### Exercise instructions
The data below holds the lines to copy: everything from the line containing "2차전지 업종의 주요" to the line containing "能源:本周油价小幅下跌。目前", both ends included, set down exactly.

### Data extract
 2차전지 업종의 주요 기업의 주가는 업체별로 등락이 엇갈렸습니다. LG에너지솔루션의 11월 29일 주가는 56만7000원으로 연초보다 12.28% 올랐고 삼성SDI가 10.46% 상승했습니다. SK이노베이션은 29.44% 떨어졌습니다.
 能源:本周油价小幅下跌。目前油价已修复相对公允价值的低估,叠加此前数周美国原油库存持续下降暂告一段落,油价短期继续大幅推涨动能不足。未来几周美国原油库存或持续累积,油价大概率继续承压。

...

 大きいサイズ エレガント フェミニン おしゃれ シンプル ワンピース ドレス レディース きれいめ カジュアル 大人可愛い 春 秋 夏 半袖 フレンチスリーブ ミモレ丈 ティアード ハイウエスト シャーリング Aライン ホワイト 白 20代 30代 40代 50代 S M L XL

### Result of this task
 2차전지 업종의 주요 기업의 주가는 업체별로 등락이 엇갈렸습니다. LG에너지솔루션의 11월 29일 주가는 56만7000원으로 연초보다 12.28% 올랐고 삼성SDI가 10.46% 상승했습니다. SK이노베이션은 29.44% 떨어졌습니다.
 能源:本周油价小幅下跌。目前油价已修复相对公允价值的低估,叠加此前数周美国原油库存持续下降暂告一段落,油价短期继续大幅推涨动能不足。未来几周美国原油库存或持续累积,油价大概率继续承压。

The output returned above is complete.